** Provided records **
■ ■ ■ ■

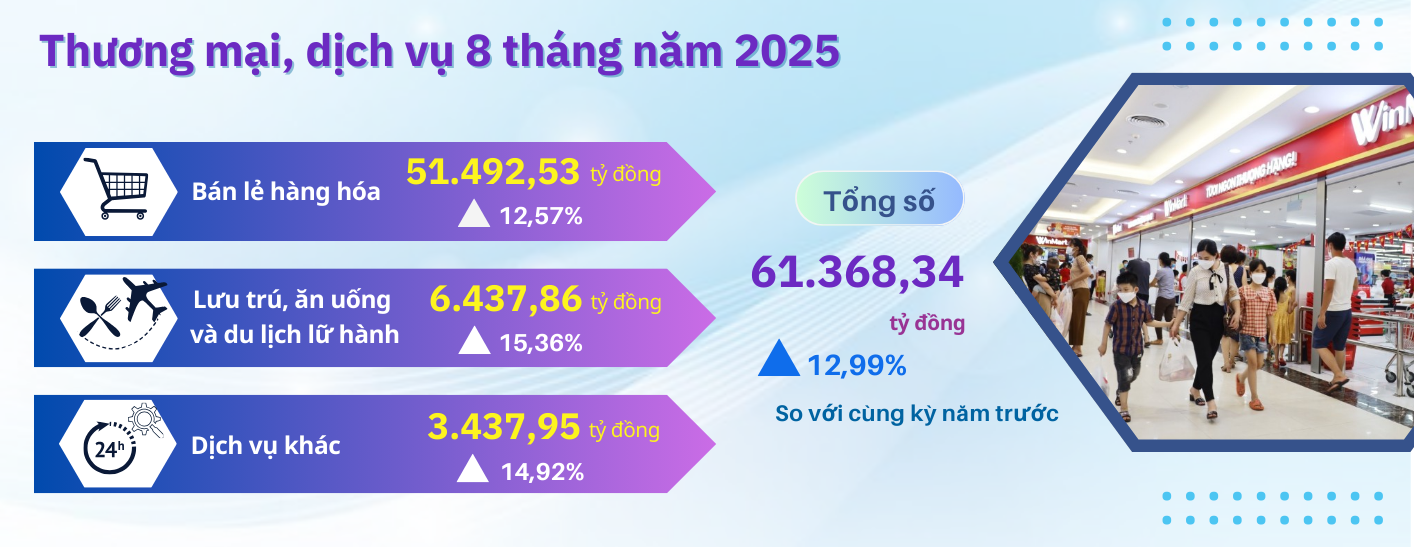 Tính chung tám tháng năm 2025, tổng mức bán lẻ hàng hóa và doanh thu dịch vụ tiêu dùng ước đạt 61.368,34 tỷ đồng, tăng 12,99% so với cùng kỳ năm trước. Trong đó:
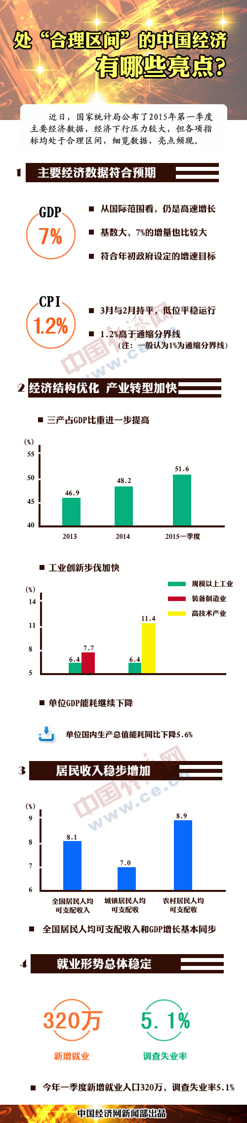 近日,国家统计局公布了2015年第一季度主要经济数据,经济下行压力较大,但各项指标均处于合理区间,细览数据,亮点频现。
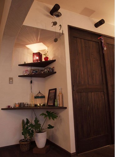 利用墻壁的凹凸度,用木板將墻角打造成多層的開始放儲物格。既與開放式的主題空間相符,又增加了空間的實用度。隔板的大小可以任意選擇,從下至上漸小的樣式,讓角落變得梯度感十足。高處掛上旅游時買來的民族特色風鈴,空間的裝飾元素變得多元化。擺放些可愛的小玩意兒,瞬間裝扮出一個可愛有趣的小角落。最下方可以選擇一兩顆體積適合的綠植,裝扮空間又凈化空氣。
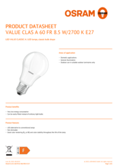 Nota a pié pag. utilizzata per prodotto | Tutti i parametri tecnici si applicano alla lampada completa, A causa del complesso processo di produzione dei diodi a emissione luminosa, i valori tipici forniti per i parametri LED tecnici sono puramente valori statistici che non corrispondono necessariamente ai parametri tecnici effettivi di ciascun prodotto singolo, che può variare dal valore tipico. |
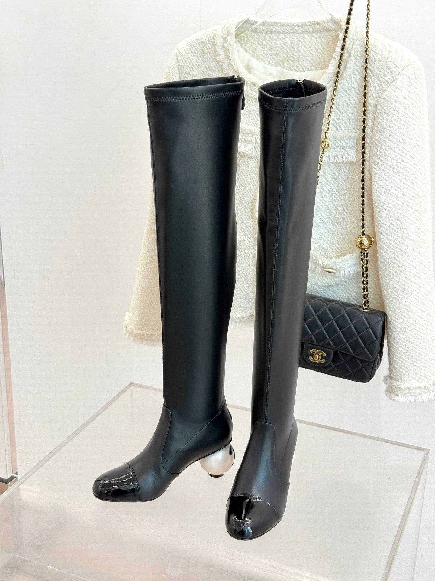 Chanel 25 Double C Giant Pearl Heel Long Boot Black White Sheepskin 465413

■ ■ ■ ■

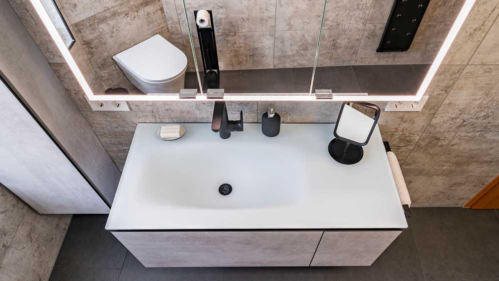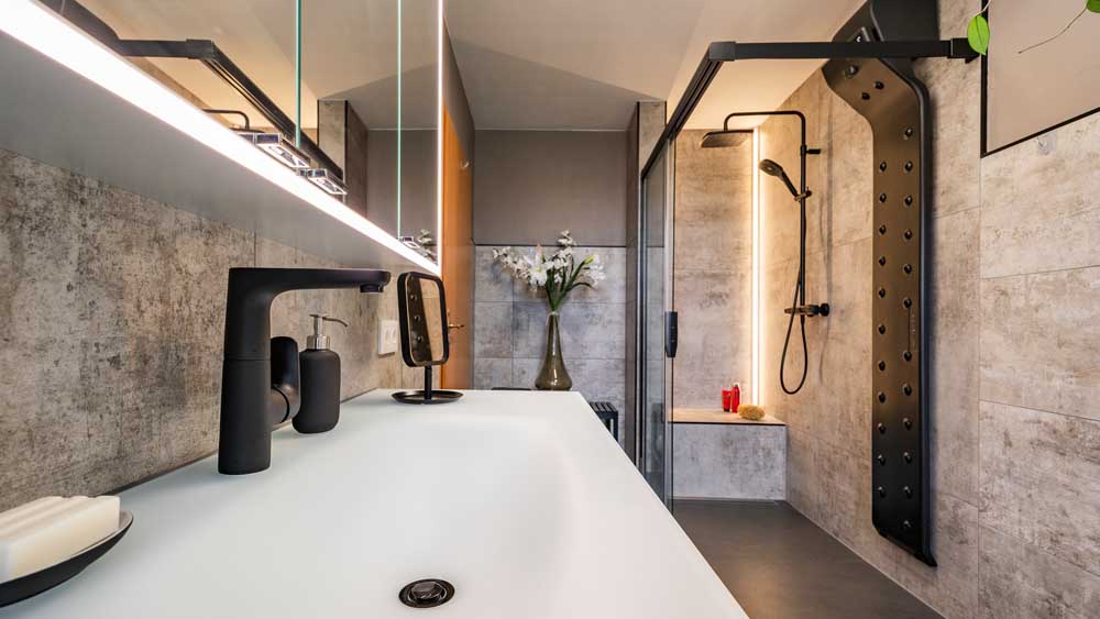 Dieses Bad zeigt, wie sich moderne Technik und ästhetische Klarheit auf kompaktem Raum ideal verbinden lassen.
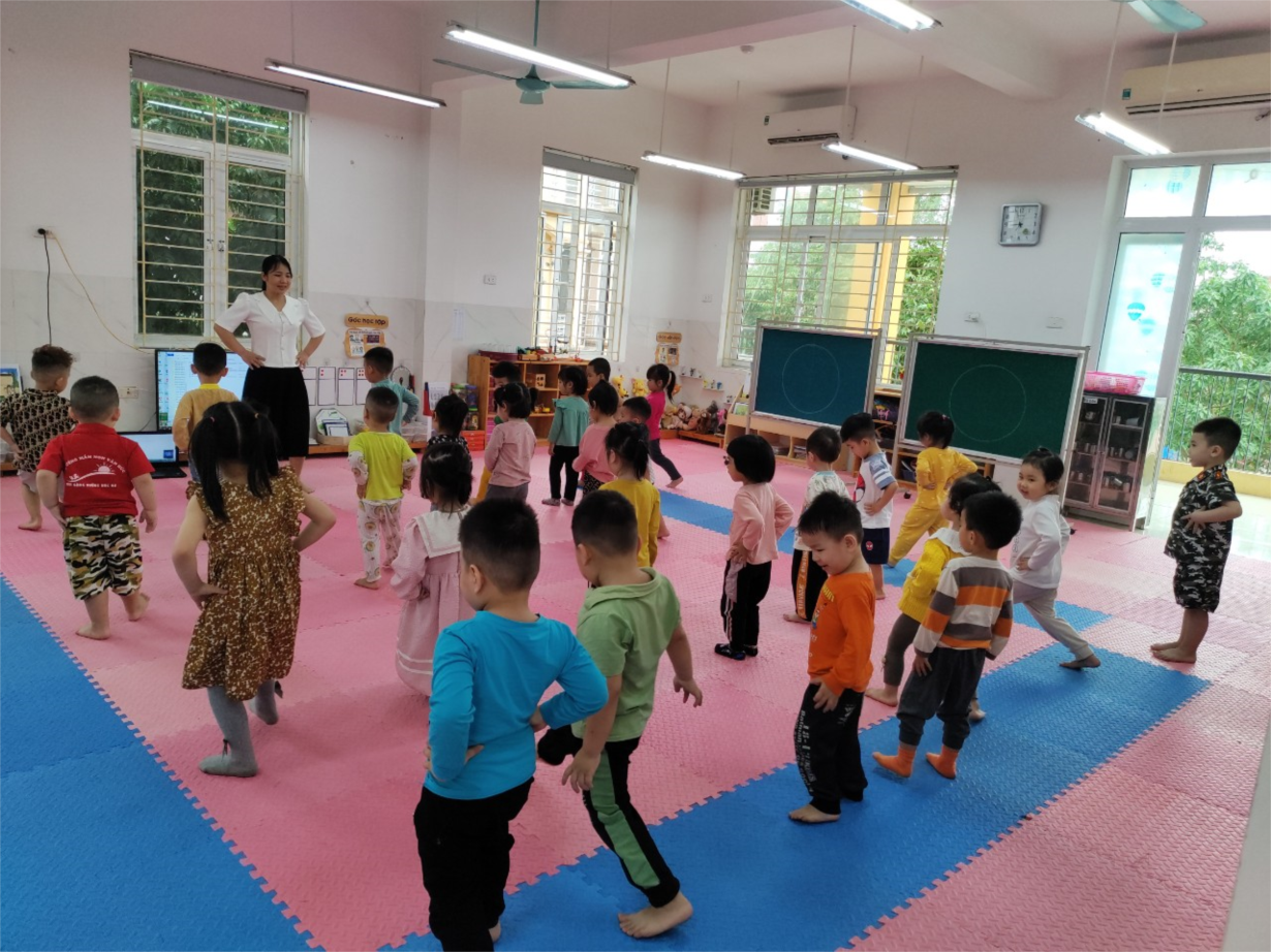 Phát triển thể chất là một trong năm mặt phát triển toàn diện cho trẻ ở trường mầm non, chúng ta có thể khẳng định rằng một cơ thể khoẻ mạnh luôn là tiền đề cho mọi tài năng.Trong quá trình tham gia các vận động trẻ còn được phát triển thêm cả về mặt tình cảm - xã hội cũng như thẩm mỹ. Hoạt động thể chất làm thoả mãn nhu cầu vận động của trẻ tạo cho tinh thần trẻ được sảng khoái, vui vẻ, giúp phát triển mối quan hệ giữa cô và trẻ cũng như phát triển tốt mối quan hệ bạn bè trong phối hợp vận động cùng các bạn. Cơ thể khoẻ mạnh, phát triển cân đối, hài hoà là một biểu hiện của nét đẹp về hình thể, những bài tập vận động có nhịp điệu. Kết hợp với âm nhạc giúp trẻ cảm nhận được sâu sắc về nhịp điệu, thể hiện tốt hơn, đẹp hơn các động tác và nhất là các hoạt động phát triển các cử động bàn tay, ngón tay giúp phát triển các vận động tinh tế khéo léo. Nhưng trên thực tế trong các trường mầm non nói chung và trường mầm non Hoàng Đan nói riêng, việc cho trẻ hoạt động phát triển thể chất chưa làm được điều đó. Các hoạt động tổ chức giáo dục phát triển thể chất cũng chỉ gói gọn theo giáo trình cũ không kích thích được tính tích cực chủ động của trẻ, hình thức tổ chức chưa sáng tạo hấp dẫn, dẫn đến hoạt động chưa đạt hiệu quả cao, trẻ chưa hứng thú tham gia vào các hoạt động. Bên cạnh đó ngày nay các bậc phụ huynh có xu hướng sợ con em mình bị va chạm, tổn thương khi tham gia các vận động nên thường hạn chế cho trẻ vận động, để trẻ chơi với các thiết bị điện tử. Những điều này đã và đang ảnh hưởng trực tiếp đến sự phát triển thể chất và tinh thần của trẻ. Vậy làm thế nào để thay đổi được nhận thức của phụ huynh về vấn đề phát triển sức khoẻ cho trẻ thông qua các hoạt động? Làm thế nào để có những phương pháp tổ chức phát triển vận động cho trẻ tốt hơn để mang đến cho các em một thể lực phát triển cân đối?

■ ■ ■ ■

Both the line above containing "Tính chung tám" and the line containing "Chanel 25 Double" belong in the copy, along with every line between them; print these exactly and omit the pictures.

** Reply **
 Tính chung tám tháng năm 2025, tổng mức bán lẻ hàng hóa và doanh thu dịch vụ tiêu dùng ước đạt 61.368,34 tỷ đồng, tăng 12,99% so với cùng kỳ năm trước. Trong đó:
 近日,国家统计局公布了2015年第一季度主要经济数据,经济下行压力较大,但各项指标均处于合理区间,细览数据,亮点频现。
 利用墻壁的凹凸度,用木板將墻角打造成多層的開始放儲物格。既與開放式的主題空間相符,又增加了空間的實用度。隔板的大小可以任意選擇,從下至上漸小的樣式,讓角落變得梯度感十足。高處掛上旅游時買來的民族特色風鈴,空間的裝飾元素變得多元化。擺放些可愛的小玩意兒,瞬間裝扮出一個可愛有趣的小角落。最下方可以選擇一兩顆體積適合的綠植,裝扮空間又凈化空氣。
 Nota a pié pag. utilizzata per prodotto | Tutti i parametri tecnici si applicano alla lampada completa, A causa del complesso processo di produzione dei diodi a emissione luminosa, i valori tipici forniti per i parametri LED tecnici sono puramente valori statistici che non corrispondono necessariamente ai parametri tecnici effettivi di ciascun prodotto singolo, che può variare dal valore tipico. |
 Chanel 25 Double C Giant Pearl Heel Long Boot Black White Sheepskin 465413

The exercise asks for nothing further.